When you make your first API request:
- The API returns a 503 status temporarily
- The model downloads and loads in the background
- Subsequent requests work normally
- Progress is logged to the console

## Quick Start

### Build and Run

```bash
# Build and run with Docker
docker build -t openelm-api .
docker run -p 8000:8000 openelm-api
```

### Make Your First Request

```bash
# This will trigger model loading
curl -X POST http://localhost:8000/v1/chat/completions \
  -H "Content-Type: application/json" \
  -d '{
    "model": "openelm-450m-instruct",
    "messages": [{"role": "user", "content": "Hello!"}],
    "max_tokens": 100
  }'
```

The first request will take longer while the model loads.
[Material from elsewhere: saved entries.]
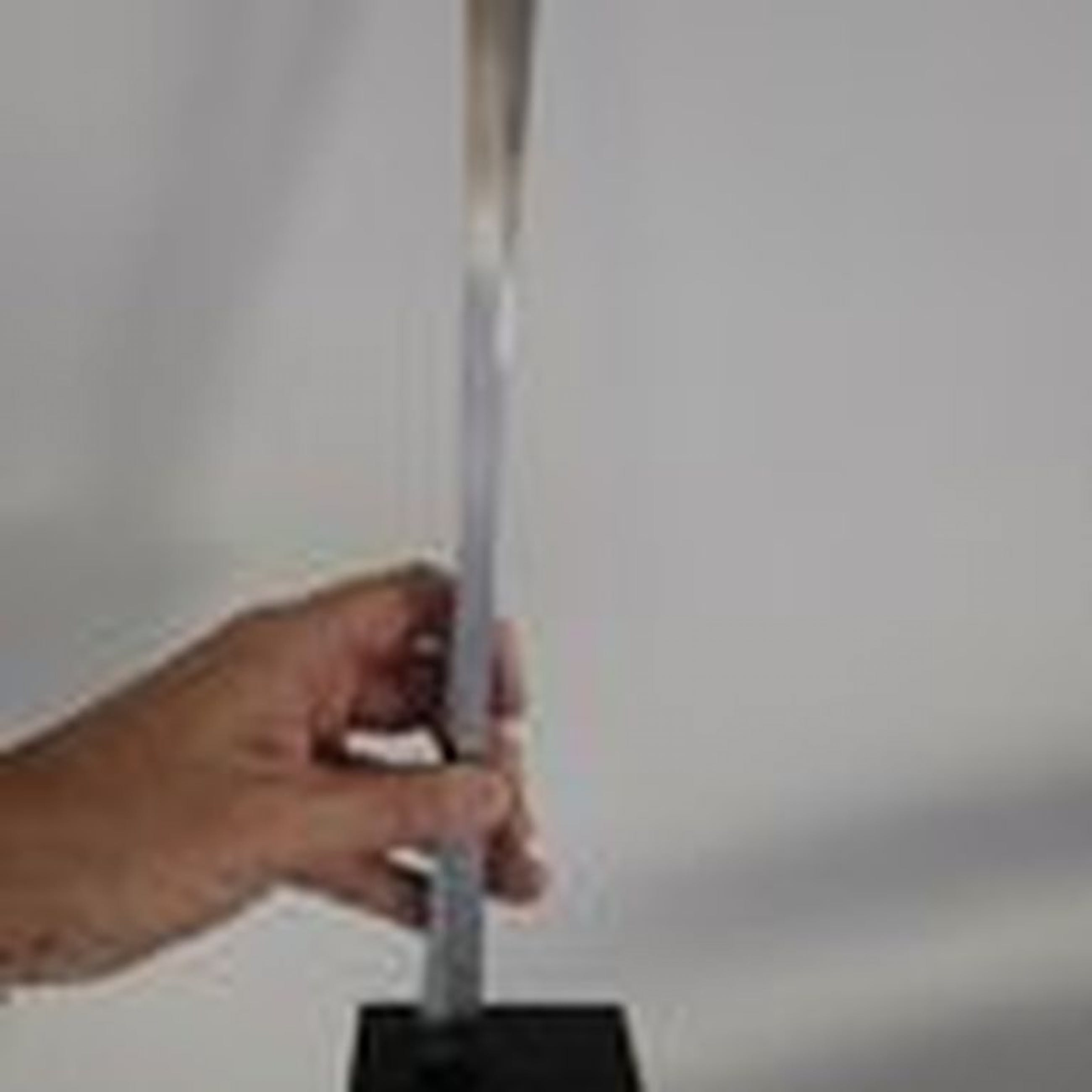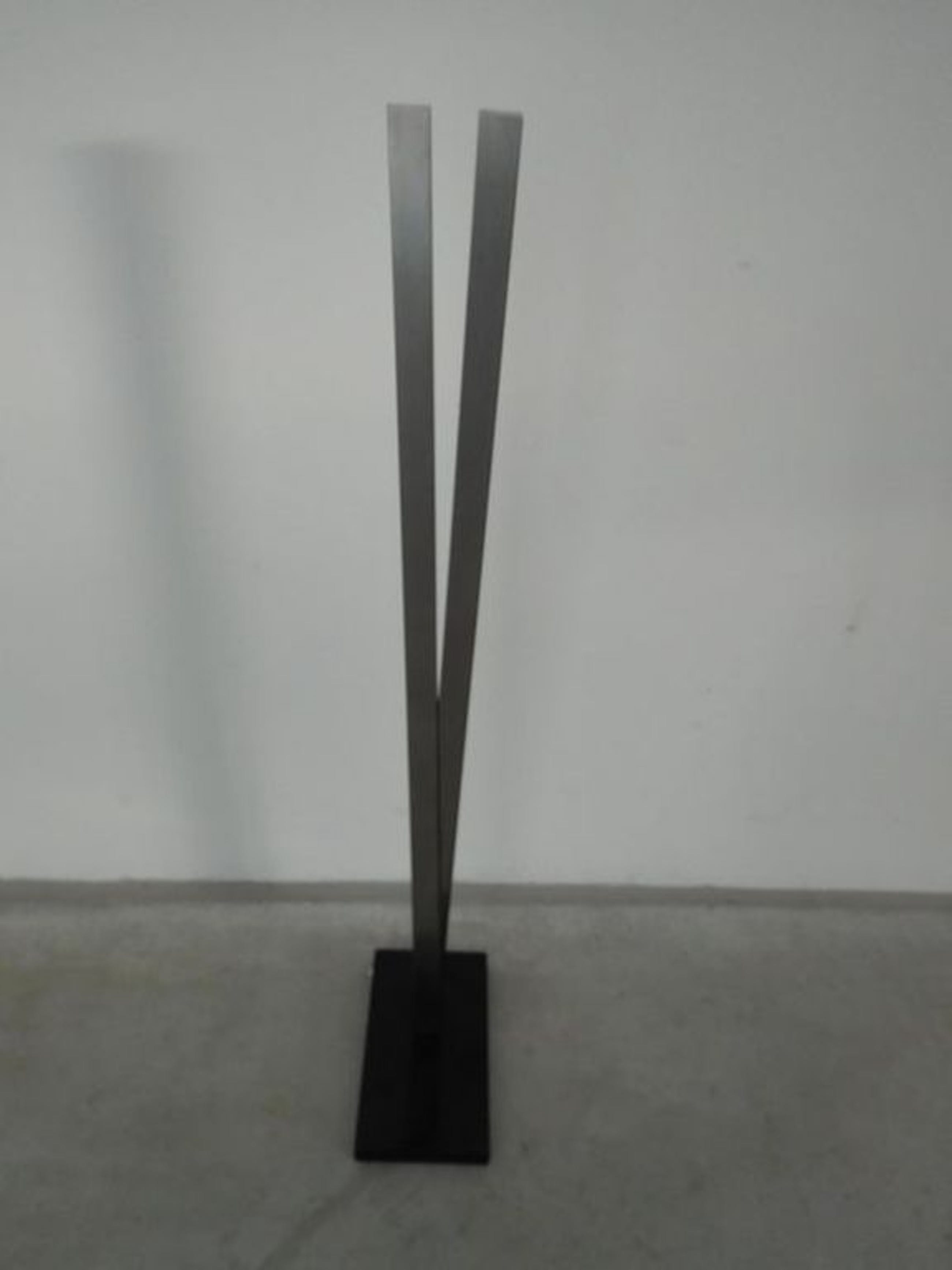 RVS stalen object "de Hemel" op gezwart stalen voet, ontwerp & uitvoering André Volten (1925 - 2002), multiple object uitgevoerd in een gelimiteerde oplage van 300 stuks in 1986.
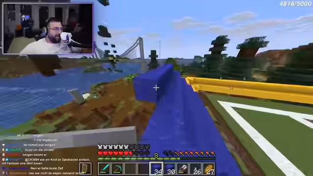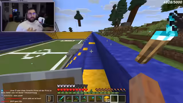 17:41:56Das Team plant größere Bauvorhaben, darunter ein Fußballstadion und eine osmanische Burg. Diskussionen drehen sich um Design, Größe und Farben (weiß, blau, gelb) des Stadions ('50x25 Blöcke'), wobei der Streamer Berechnungen anstellt und kritisiert, dass andere Spieler Ressourcen stehlen. Gleichzeitig werden Pläne für einen 'Männerabend' und weitere Projekte wie einen Fluss und ein 'Totemfahren' geschmiedet.
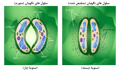 بسته و باز شدن استوما. هر چه میزان یونهای پتاسیم افزایش مییابد، پتانسیل آبی کاهش یافته و آب داخل سلولهای نگهبان میشود.
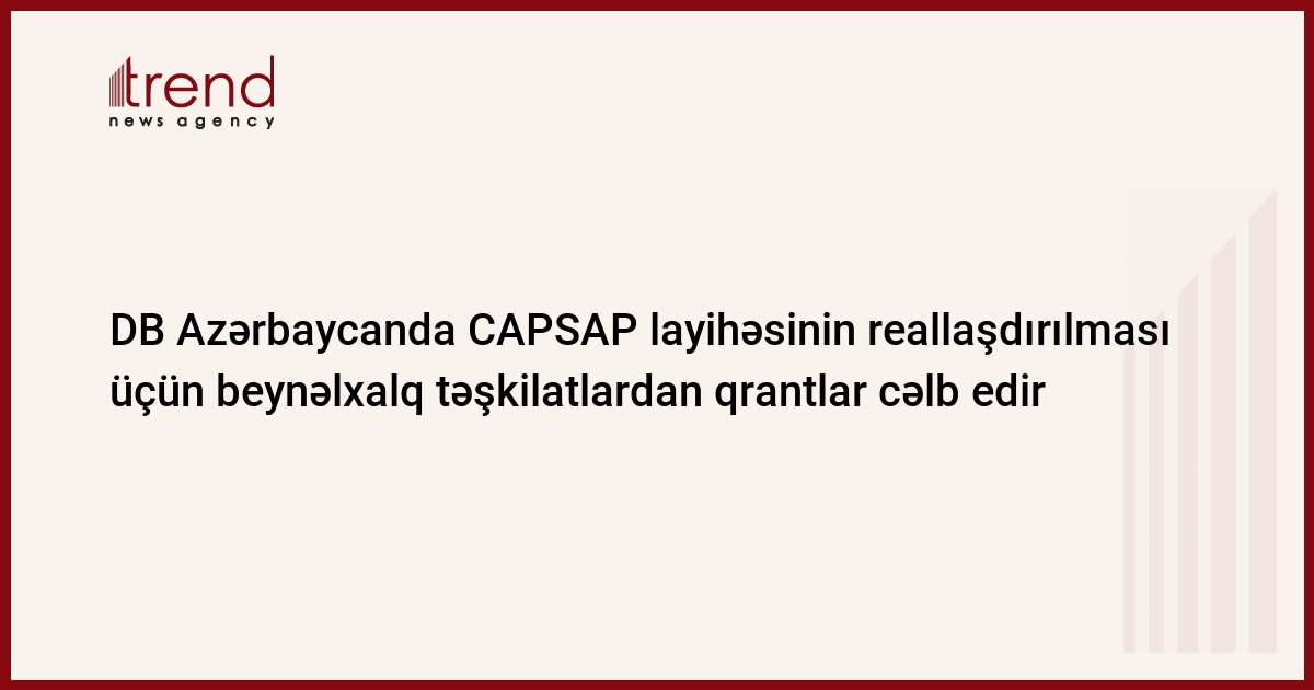 Azərbaycan, Bakı, 04 fevral/ " müxbir İ.Xəlilova/ Dünya Bankı Azərbaycanın korporativ və dövlət sektorlarında hesabatlılıq layihəsinin (CAPSAP) qiymətləndirilməsini başa çatdırıb. Layihənin reallaşdırılmasına $25 mln. ayrılacaq. Bu barədə bazar ertəsi bankın Bakı nümayəndəliyindən məlumat veriblər.
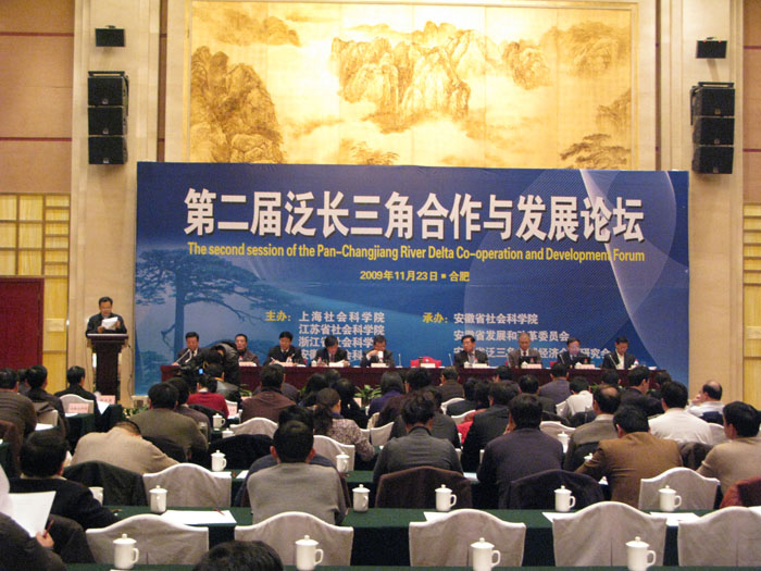 2009年11月23日,我院常务副院长左学金研究员率队参加在安徽合肥召开的第二届泛长三角合作与发展论坛。左学金作为论坛发起方的重要代表之一,在论坛上发表了题为《泛长三角产业转移与区域合作》的演讲。安徽省委常委、省政府常务副省长孙志刚出席论坛并致辞。安徽省人大副主任郭万清出席论坛并演讲。安徽省政府副省长唐承沛致闭幕词。安徽省发展改革委副主任刘荣华介绍了安徽省参与长三角分工合作的有关情况。来自中国社科院、国家发改委宏观研究院、中国人民大学、对外经济贸易大学和上海、江苏、浙江、福建等省(市)社科院的领导和专家共有120多位代表出席论坛。
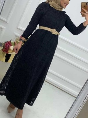 Cng Moda Siyah Danteli Astarlı Hasır Kemerli Elbise
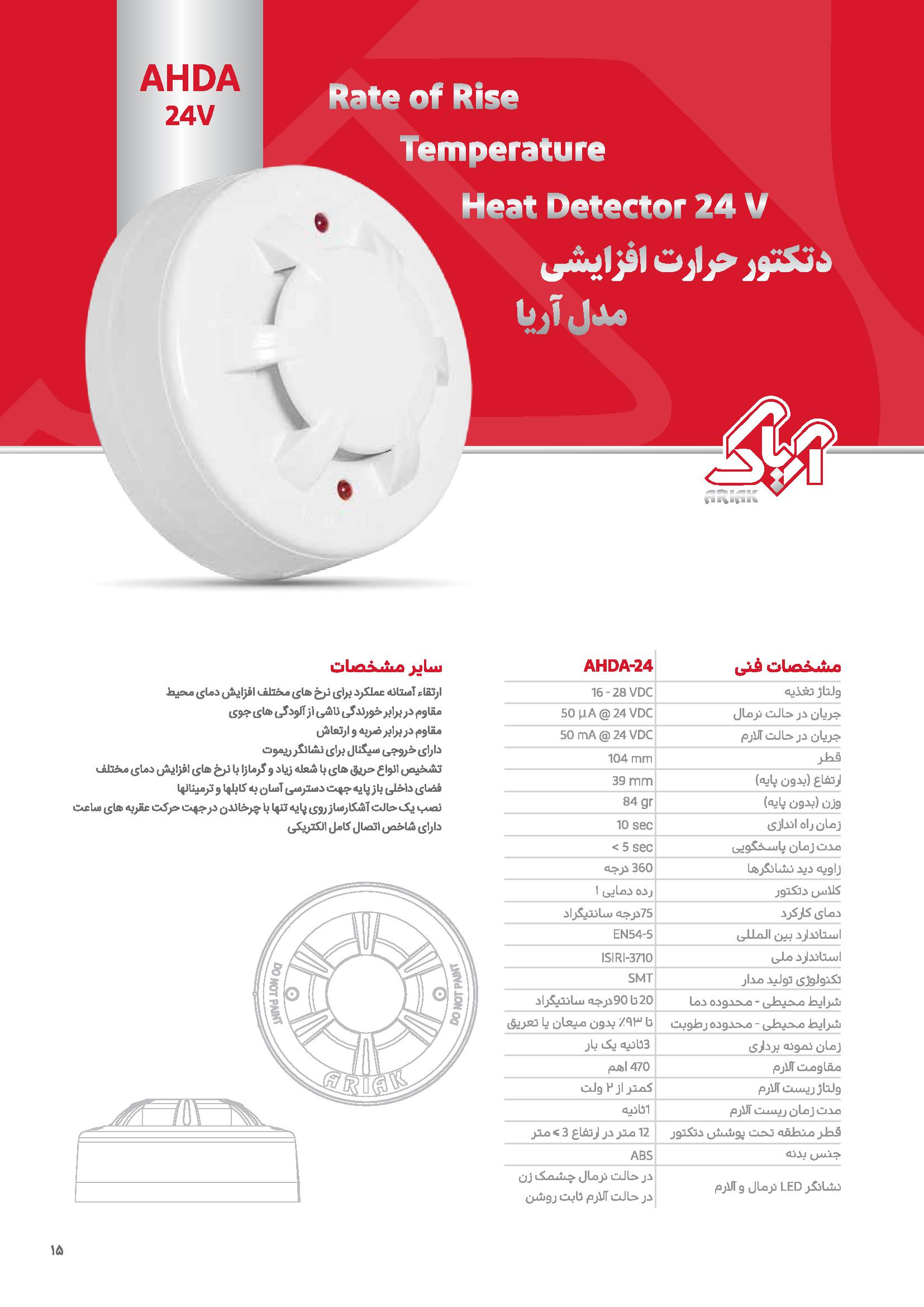 کیفیت و قابلیت دتکتور حرارتی افزایشی آریاک
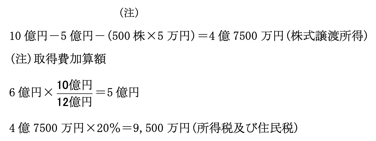 (2 万円-500 円)×50,000 株=9 億 7500 万円(みなし配当所得)
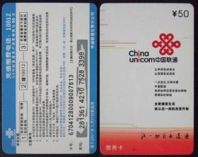中国联通I缴费卡(50元1张)
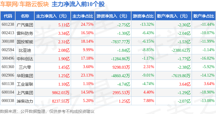 从资金流向上来看,当日车联网/车路云板块主力资金净流入12.21亿元,游资资金净流出9.78亿元,散户资金净流出2.42亿元。车联网/车路云板块个股资金流向见下表:
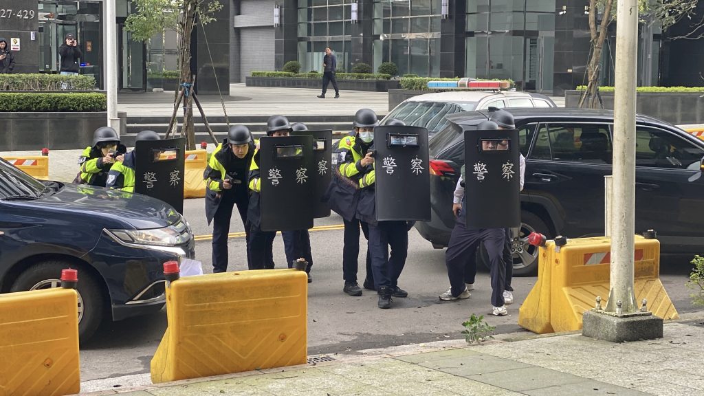 為有效遏止強盜、搶奪、擄人等重大社會治安案件,汐止警除加強各金融機構、銀樓、商(賣)場、超商等巡邏守望勤務外,更於今(29)日10時,結合汐止區農會實施金融機構防搶演練,假想金融機構遭搶後之攔截圍捕查緝,藉此演練,檢視轄區遇重大刑案時,員警實施攔截圍捕狀況及勤務指揮中心勤務調度指管效能,以考驗員警實況執勤應變能力,讓員警熟悉各類重大案件發生之攔截圍捕作業程序,正確操作運用車辨系統及AI偵蒐技巧,俾迅速緝獲歹徒,有效防制搶奪、強盜等重大刑案,維護民眾生命財產安全。
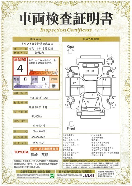 詳細及び現状の車両状態につきましては、店舗スタッフまでお尋ねください。 - 注2)上記と同様の評価点・状態表を「車両検査証明書」として店舗の展示車両に搭載しております。
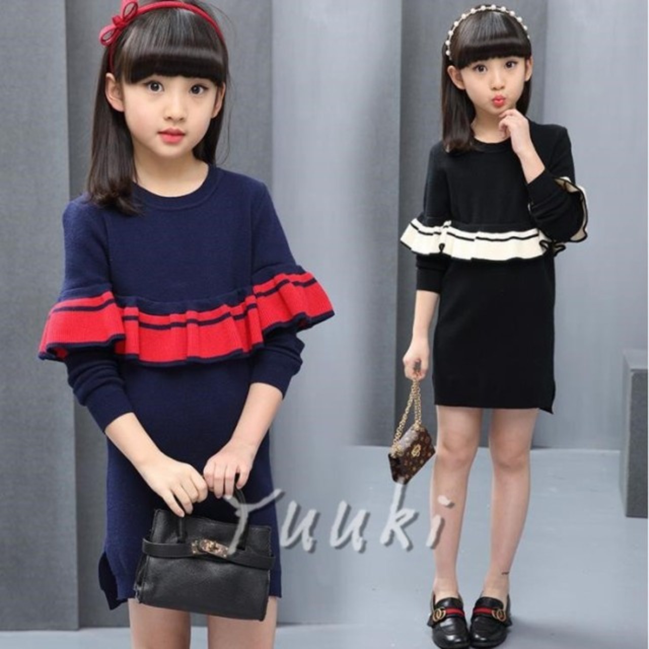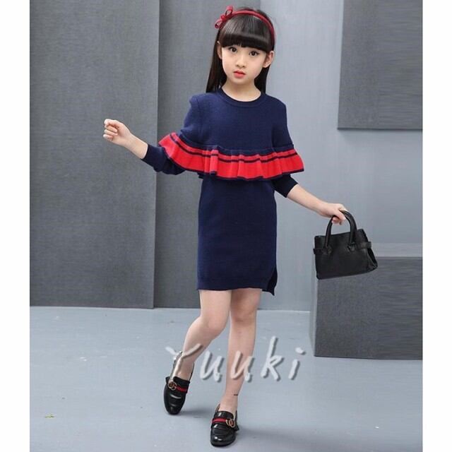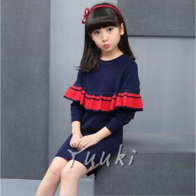 秋冬ニットワンピース 女の子ワンピース キッズ セーター ワンピースドレス 子供ワンピース 発表会//卒園式/入学式/パーティ
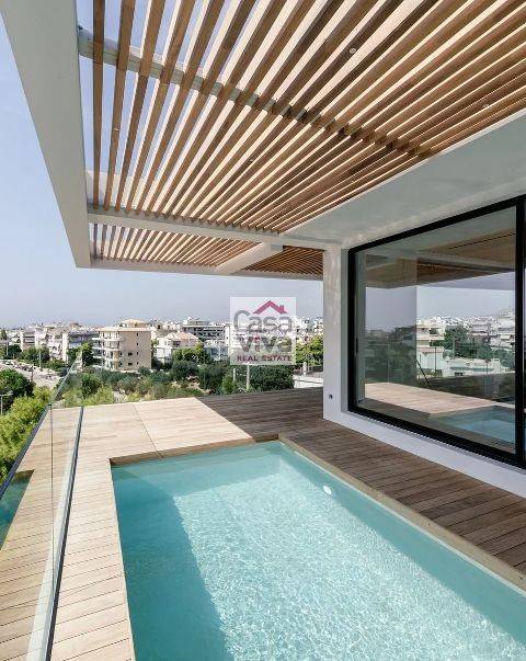 ΑΓΙΑ ΠΑΡΑΣΚΕΥΗ Αγιάννης, υπό κατασκευή διαμέρισμα 142 τ.μ., 5ου-6ου ορόφου, ρετιρέ, με roof garden αποκλειστικής χρήσης και πισίνα, προσόψεως, άνετο σαλόνι με τζάκι, δρύινα δάπεδα παντού, ενιαία κουζίνα, 1 master υ/δ με το μπάνιο του, wc, στο δεύτερο επίπεδο έχουμε 2 υ/δ, 1 μπάνιο, kitchenette, πλήρως ανεξάρτητη θέρμανση με αντλία θερμότητας, ενδοδαπέδια και αυτονομία ανά επίπεδο, boiler, ηλιακός, κλιματισμός, αλουμίνια θερμοδιακοπής, ενεργειακά τζάμια, σίτες, ηλεκτρικά ρολά,προεγκατάσταση συναγερμού, πόρτα ασφαλείας, θερμοπρόσοψη, αποθήκη, 2 θέσεις πάρκιν πιλοτής. Οι φωτογραφίες είναι ενδεικτικές του ακινήτου., τιμή 740.000€ (335)
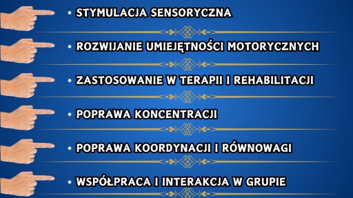 - Terapia: Wykorzystywany przez terapeutów zajęciowych w celu pracy z dziećmi z zaburzeniami rozwojowymi, integracji sensorycznej oraz potrzebami specjalnymi.
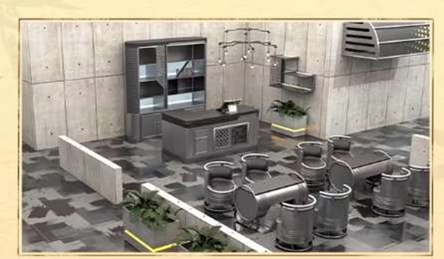 清水混凝土墙面自带斑驳肌理,金属吧台配银色网格镂空,工业油桶改装桌椅,打造硬核与冷冽感兼具的咖啡馆氛围。战令升级过程中还可持续解锁5个星铸石。
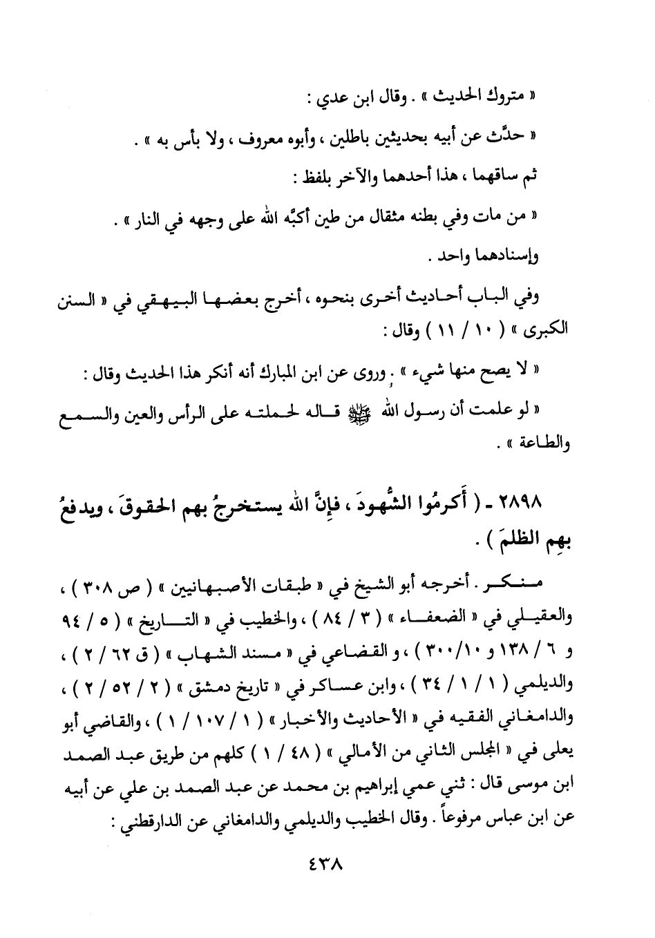أخرجه أبو الشيخ في " طبقات الأصبهانيين " (ص 308) ، والعقيلي في " الضعفاء " (3/84) ، والخطيب في " التاريخ " (5/94 و 6/138 و 10/300) ، والقضاعي في " مسند الشهاب " (ق 62/2) ، والديلمي (1/1/34) ، وابن عساكر في " تاريخ دمشق " (2/52/2) ، والدامغاني الفقيه في " الأحاديث والأخبار " (1/107/1) ، والقاضي أبو يعلى في " المجلس الثاني من الأمالي " (48/1) كلهم من طريق عبد الصمد بن موسى قال: حدثني عمي إبراهيم بن محمد عن عبد الصمد بن علي عن أبيه عن ابن عباس مرفوعا. وقال الخطيب والديلمي والدامغاني عن الدارقطني:
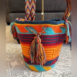 BEAUTIFUL woven handbag. There is no tag on it so I am not sure of the brand. It’s in great condition

Check the logs for progress.

## API Reference

### OpenAI API Endpoint

**POST** `/v1/chat/completions`

Request:
```json
{
  "model": "openelm-450m-instruct",
  "messages": [
    {"role": "user", "content": "Your prompt here"}
  ],
  "temperature": 0.7,
  "max_tokens": 1024
}
```

Response:
```json
{
  "id": "chatcmpl-abc123",
  "object": "chat.completion",
  "created": 1677858242,
  "model": "openelm-450m-instruct",
  "choices": [{
    "message": {"role": "assistant", "content": "Generated response"},
    "finish_reason": "stop"
  }],
  "usage": {
    "prompt_tokens": 10,
    "completion_tokens": 25,
    "total_tokens": 35
  }
}
```

### Anthropic API Endpoint

**POST** `/v1/messages`

Request:
```json
{
  "model": "openelm-450m-instruct",
  "messages": [{"role": "user", "content": "Your prompt here"}],
  "max_tokens": 1024
}
```

## Health Check

```bash
curl http://localhost:8000/health
```

Response:
```json
{
  "status": "initializing",  // or "healthy" after model loads
  "model_loaded": false
}
```

## Using with OpenAI SDK

```python
from openai import OpenAI

client = OpenAI(
    base_url="http://localhost:8000/v1",
    api_key="dummy"
)

# First request triggers model loading
response = client.chat.completions.create(
    model="openelm-450m-instruct",
    messages=[{"role": "user", "content": "Hello!"}],
    max_tokens=100
)

print(response.choices[0].message.content)
```

## Using with Anthropic SDK

```python
import anthropic

client = anthropic.Anthropic(
    base_url="http://localhost:8000/v1",
    api_key="dummy"
)

# First request triggers model loading
message = client.messages.create(
    model="openelm-450m-instruct",
    messages=[{"role": "user", "content": "Hello!"}],
    max_tokens=100
)

print(message.content[0].text)
```

## Expected Behavior

### First Request (Model Loading)
```
$ curl -X POST http://localhost:8000/v1/chat/completions \
  -H "Content-Type: application/json" \
  -d '{"messages":[{"role":"user","content":"Hello"}]}'

# Response (after model loads):
{"id":"chatcmpl-...", ...}
```

### Console Output During Loading
```
Initializing OpenELM model (this may take a moment)...
  Loading tokenizer...
  Loading model...
  Model apple/OpenELM-450M-Instruct loaded successfully!
```

## Model Information

- **Default Model**: apple/OpenELM-450M-Instruct
- **Parameters**: 450M
- **Context Window**: 2048 tokens
- **Weight Format**: Safetensors
- **Lazy Loading**: Model loads on first request

## Troubleshooting

### First Request Takes Too Long
- Normal behavior: Model downloads (~1GB) and loads (~2GB RAM)
- Subsequent requests are much faster (cached model)

### Model Loading Fails
- Check internet connection (needed for HuggingFace download)
- Ensure sufficient RAM (at least 4GB recommended)
- Check console logs for specific error messages

### API Returns 503
- Model is still loading, retry after a few seconds
- Check `/health` endpoint for loading status

## Architecture

- **Framework**: FastAPI with async support
- **Lazy Loading**: Model loads on first request
- **ML Backend**: PyTorch + HuggingFace Transformers
- **Streaming**: Server-Sent Events (SSE) support
- **Dual Compatibility**: OpenAI and Anthropic API formats

## Files

- `app.py` - Main API application with lazy loading
- `openelm_tokenizer.py` - Tokenizer utilities
- `examples/` - Usage examples
- `requirements.txt` - Dependencies

## License

This project is provided for educational and research purposes. The OpenELM models from Apple are released under their respective licenses.